Data section:
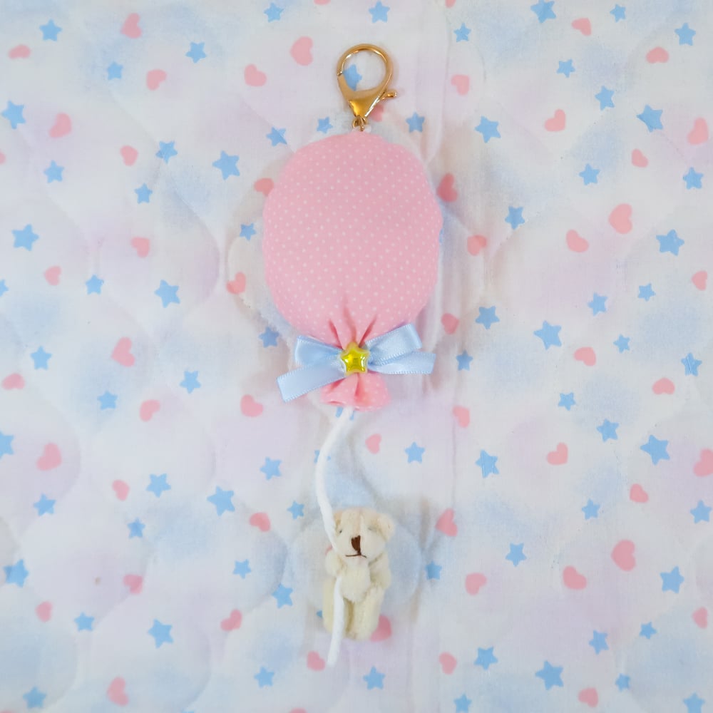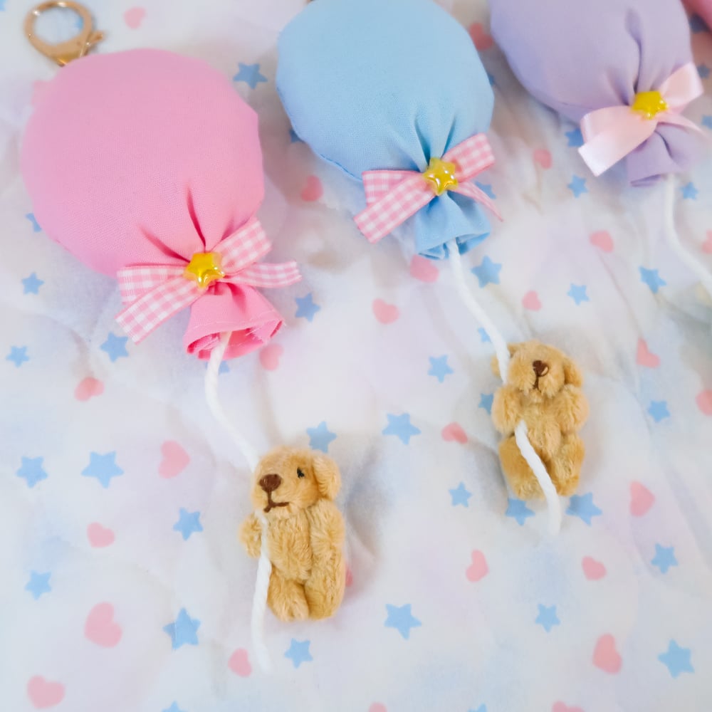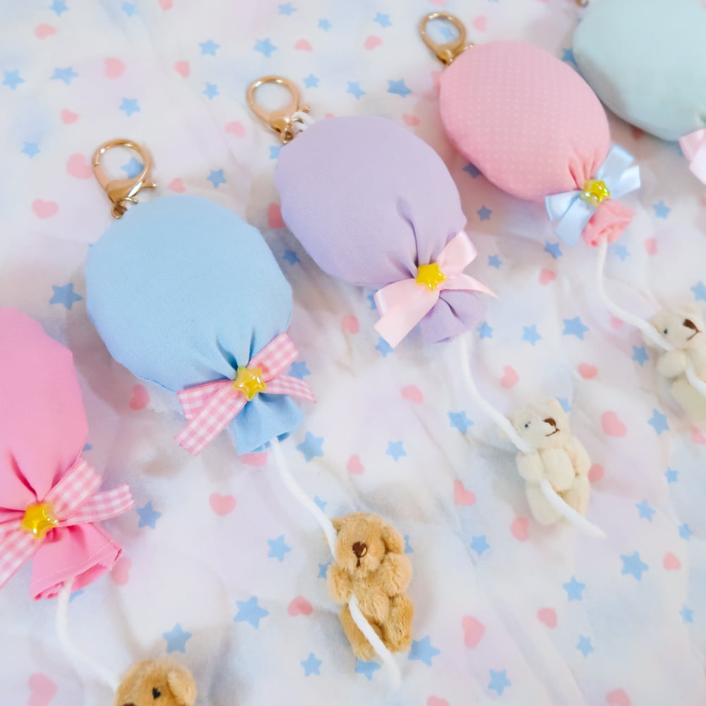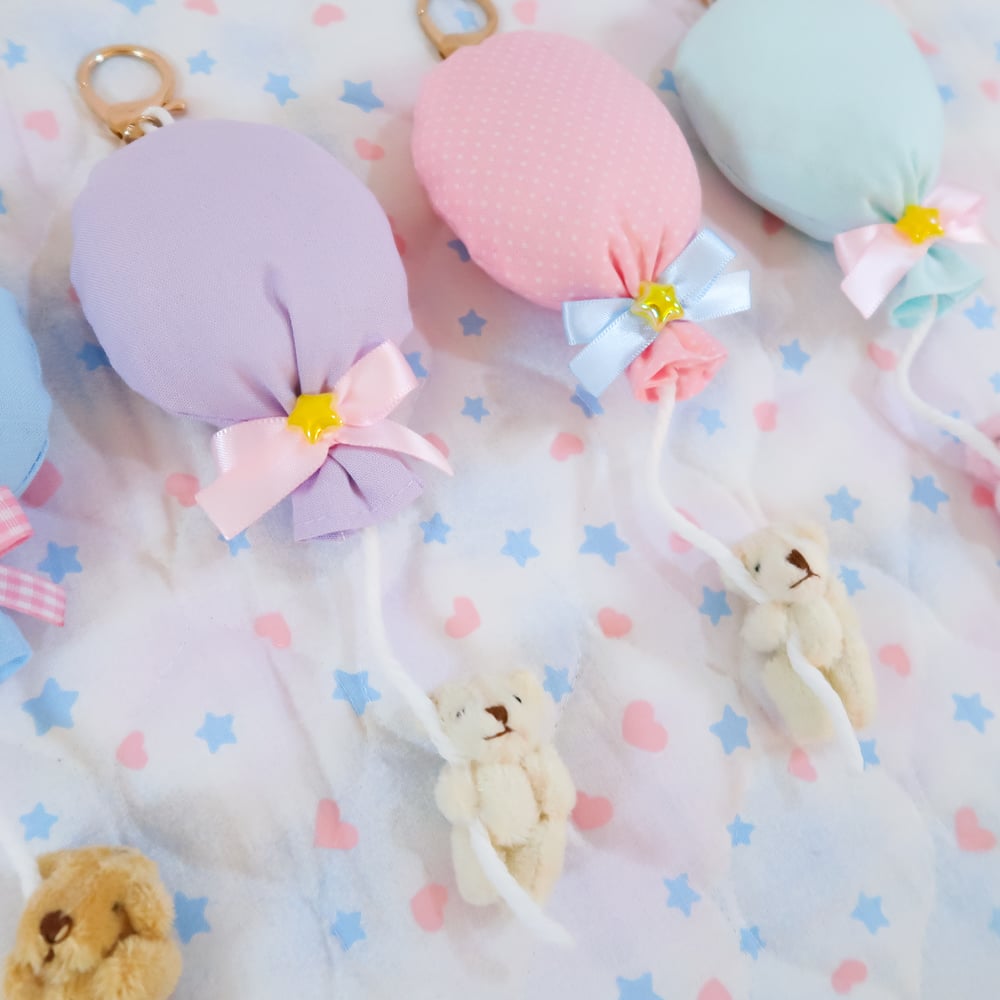 A plush balloon keychain with a mini teddy bear hanging on~! Each balloon has a bow and star on the center~
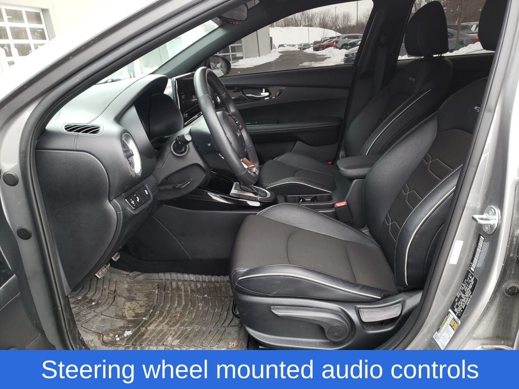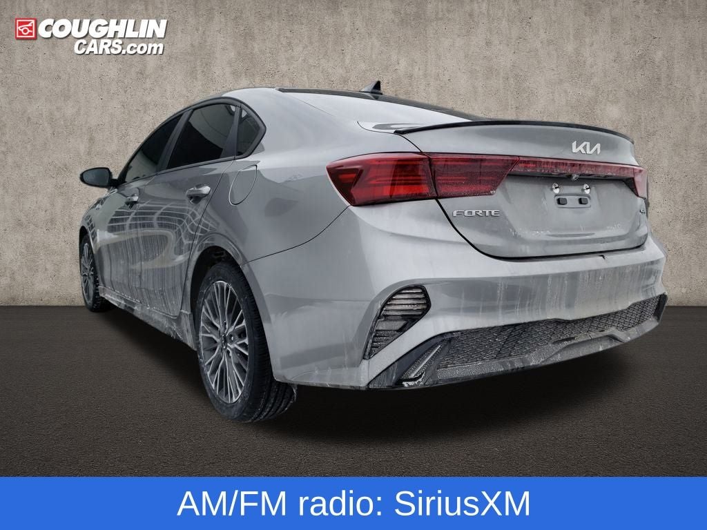 Steel Gray 2024 Kia Forte GT-Line FWD CVT 2.0L I4 MPI Forte GT-Line, 4D Sedan, 2.0L I4 MPI, CVT, FWD, Steel Gray, Black w/Cloth Seat Trim, 4-Wheel Disc Brakes, 6 Speakers, ABS brakes, Air Conditioning, Alloy wheels, AM/FM radio: SiriusXM, Apple CarPlay & Android Auto, Auto High-beam Headlights, Automatic temperature control, Brake assist, Bumpers: body-color, Cloth & SynTex Seat Trim, Delay-off headlights, Driver door bin, Driver vanity mirror, Dual front impact airbags, Dual front side impact airbags, Electronic Stability Control, Emergency communication system, Exterior Parking Camera Rear, Front anti-roll bar, Front Bucket Seats, Front Center Armrest, Front dual zone A/C, Front fog lights, Front reading lights, Front wheel independent suspension, Fully automatic headlights, Heated door mirrors, Illuminated entry, Leather Shift Knob, Leather steering wheel, Low tire pressure warning, Navigation System, Occupant sensing airbag, Outside temperature display, Overhead airbag, Overhead console, Panic alarm, Passenger door bin, Passenger vanity mirror, Power door mirrors, Power steering, Power windows, Radio data system, Radio: 10.25 Display Audio, Rear seat center armrest, Rear window defroster, Remote keyless entry, Security system, Speed control, Split folding rear seat, Spoiler, Sport steering wheel, Steering wheel mounted audio controls, Tachometer, Telescoping steering wheel, Tilt steering wheel, Traction control, Trip computer, Turn signal indicator mirrors, Variably intermittent wipers, Wheels: 17 x 7.0 Alloy.
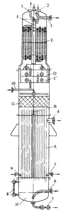 發生器是用來加熱濃氨水溶液到沸騰,并產生一水混合蒸汽的設備。在化工中又稱為沸器、亞沸器、再沸器。發生器屬于壓力容器,一般設計壓力1. 6MPa,設計200℃。加熱熱源主要是蒸汽或廢熱蒸汽。有些情況下,也可采用高溫工業氣體、帶有水蒸汽的工藝物流、高溫熱水等。也有用燃油、燃氣的燃燒產物加熱的。
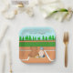 Cute little baby boy sitting next to a teddy bear on a baseball field with hat, glove and ball boy's baby shower party plates.
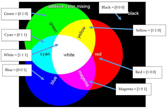 Both additive and subtractive color models are typically represented in vector form. Both color models relate to the perception of the human visual system. In the additive color model, the background is black, and color is composed of a red, green, and blue (RGB) tuple as depicted in Figure 1. This relates to the three cone cells of the human retina (long, medium, and short) which have peak sensitivities to light of wavelengths 559 nm, 531 nm, and 419 nm. These correspond to red, green, and blue light, respectively [46]. Normally, red, green, and blue color may be written in 8-bit form as [255 0 0], [0 255 0], and [0 0 255], respectively or in normalized form as [1 0 0], [0 1 0], and [0 0 1], respectively.
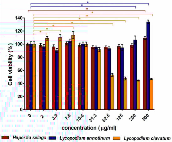 The satisfactory results of AChE activity obtained for the alkaloid fractions encouraged us to test the safety of extracts from these plant materials. Cytotoxicity tests revealed that H. selago and L. annotinum extracts were non-toxic to skin fibroblasts at the tested concentration range (2–500 μg/mL). Interestingly, the highest concentrations of mentioned extracts positively affected cell metabolism and fibroblast viability was significantly higher compared to the control cells (Figure 5). L. clavatum extract was non-toxic to skin fibroblasts at low concentrations (in the range of 2–31.3 μg/mL). Moreover, concentrations in the range of 2–7.8 µg/mL significantly increased cell viability compared to the control fibroblasts. Beginning from the concentration equal to 62.5 μg/mL, cell viability was significantly reduced to approximately 45–55% compared to the control cells.
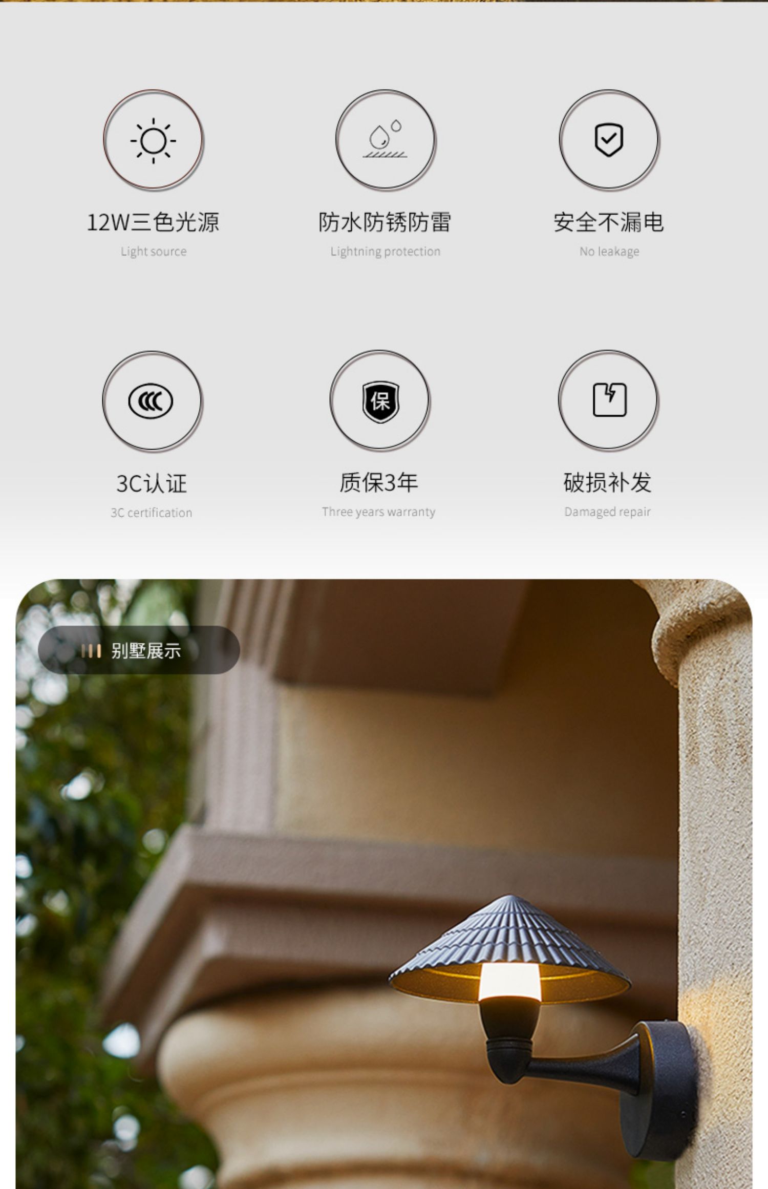 • 고대 로마 벽 램프 하향형 모델/12W 3색 팁 전구

Exercise description: Look above for the line holding "發生器是用來加熱濃氨水溶液到" and output everything from it down to the line holding "Both additive and", both ends included, exactly and without images.

Solution to this exercise:
 發生器是用來加熱濃氨水溶液到沸騰,并產生一水混合蒸汽的設備。在化工中又稱為沸器、亞沸器、再沸器。發生器屬于壓力容器,一般設計壓力1. 6MPa,設計200℃。加熱熱源主要是蒸汽或廢熱蒸汽。有些情況下,也可采用高溫工業氣體、帶有水蒸汽的工藝物流、高溫熱水等。也有用燃油、燃氣的燃燒產物加熱的。
 Cute little baby boy sitting next to a teddy bear on a baseball field with hat, glove and ball boy's baby shower party plates.
 Both additive and subtractive color models are typically represented in vector form. Both color models relate to the perception of the human visual system. In the additive color model, the background is black, and color is composed of a red, green, and blue (RGB) tuple as depicted in Figure 1. This relates to the three cone cells of the human retina (long, medium, and short) which have peak sensitivities to light of wavelengths 559 nm, 531 nm, and 419 nm. These correspond to red, green, and blue light, respectively [46]. Normally, red, green, and blue color may be written in 8-bit form as [255 0 0], [0 255 0], and [0 0 255], respectively or in normalized form as [1 0 0], [0 1 0], and [0 0 1], respectively.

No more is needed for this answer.